11 KiB
title, tags, created, status, owner
| title | tags | created | status | owner | |||||||
|---|---|---|---|---|---|---|---|---|---|---|---|
| PRD - Decentralized Custody and Smart-Contract Escrow Roadmap |
|
2026-05-28 | draft-for-review | payments + security + operations |
PRD - Decentralized Custody and Smart-Contract Escrow Roadmap
Executive decision
Do not move the whole Amanat escrow flow into a custom smart contract as the next step.
The current architecture already uses on-chain settlement through Request Network, in-house wallet checkout, derived destination wallets, Transaction Safety Provider checks, and an internal funds ledger.
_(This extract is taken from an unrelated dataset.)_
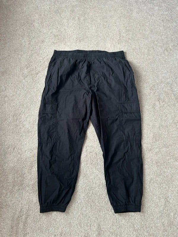 Stylish black cargo pants by ASOS, featuring an elasticated waist and cuffs for a comfortable fit. Designed with multiple pockets for practicality, these pants are perfect for casual outings.

The bigger risk is not "lack of blockchain"; it is custody and administration centralization: one backend/admin path can still become too powerful if hot keys, release/refund confirmation, sweep authority, and dispute decisions are not split across independent signers and delayed controls.
Recommended path:
- Harden the current hybrid escrow.
- Move custody to multisig/hardware signers.
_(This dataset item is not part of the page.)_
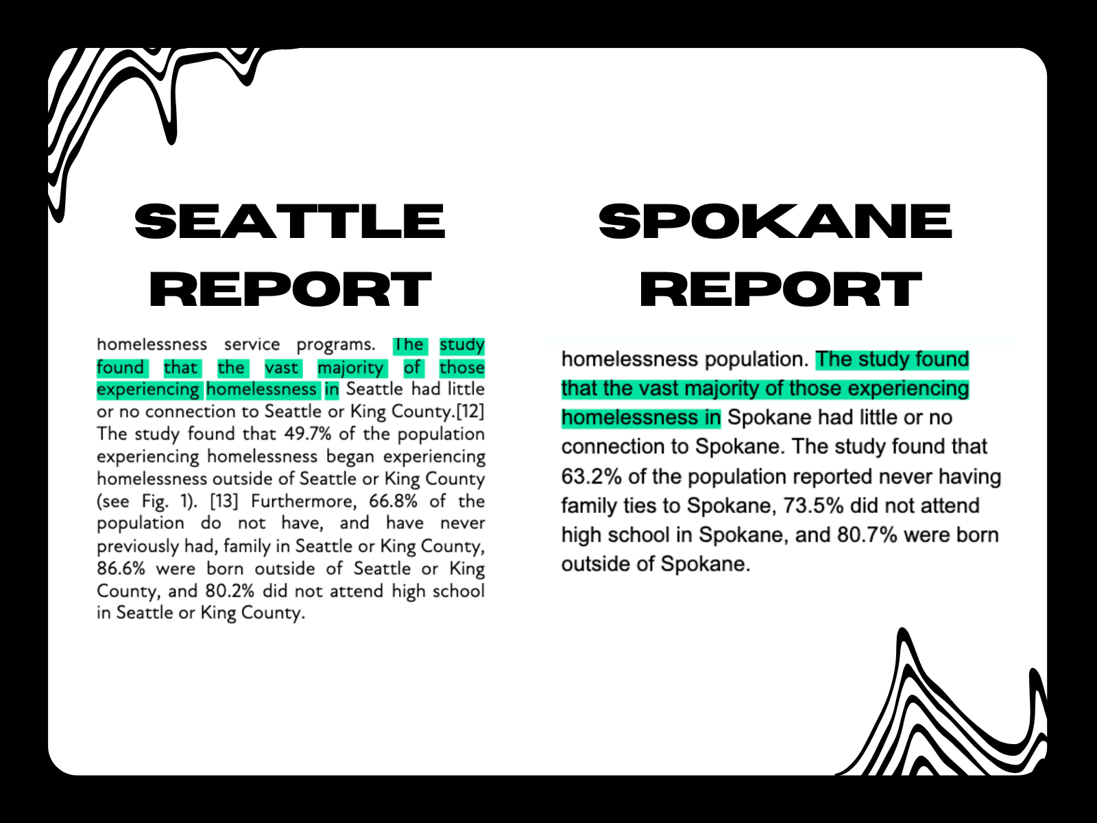 Consider the central finding of the Marbut study: 50.2% of people surveyed first experienced homelessness elsewhere, which the study authors claim “highlights that Spokane is often a secondary destination after individuals start experiencing homelessness.”

- Add timelocked governance for global settings.
- Pilot a minimal on-chain escrow only for opt-in/high-value flows after the above is stable.
Current baseline
| Area | Current state | Risk |
|---|---|---|
| Pay-in | Request Network in-house checkout, direct wallet txs, signed webhooks, transaction-safety checks | Still depends on webhook durability and reconciliation |
| Funds tracking | FundsLedgerEntry exists and is append-only |
Release/refund ledger enforcement is env-gated by PAYMENT_LEDGER_ENFORCEMENT |
| Deposit routing | Derived destinations per (buyer, sellerOffer, chainId) |
Live divergent-destination probe still needs production-grade evidence |
| Sweep custody | Build-only / hot-key signer abstraction | Production must avoid hot-key signing |
| Release/refund | Admin endpoints build and confirm instructions | Needs mandatory multisig/hardware proof and stronger dispute gating |
| Disputes | Model/service/routes exist with legacy status enum | Needs alignment with canonical dispute/escrow state machine |
| Admin control | App RBAC plus optional Trezor proof | No non-centralized admin quorum yet |
Goals
- Remove single-admin and backend-hot-key custody risk.
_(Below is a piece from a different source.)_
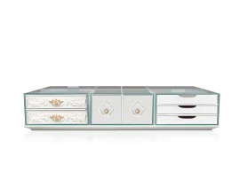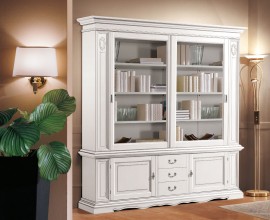 Exkluzívna masívna nízka vitrína Lyon s dvoma sklenenými dvierkami a párom zásuviek 146cm

- Make release/refund/sweep authority require independent signers.
- Preserve the marketplace's human dispute workflow.
- Keep buyer UX close to the current Request Network in-house checkout.
- Add on-chain escrow only where it creates trust benefit larger than audit and UX cost.
Non-goals
- No token-voting DAO for individual buyer/seller disputes.
- No full rewrite of payments into Solidity before ledger, signing, and webhook controls are stable.
- No custom bridge, cross-chain settlement contract, or generalized DeFi protocol.
- No removal of the internal funds ledger; the ledger remains the application accounting source even if custody moves on-chain.
Target trust model
flowchart LR
Buyer["Buyer wallet"] --> PayIn["Request Network / in-house checkout"]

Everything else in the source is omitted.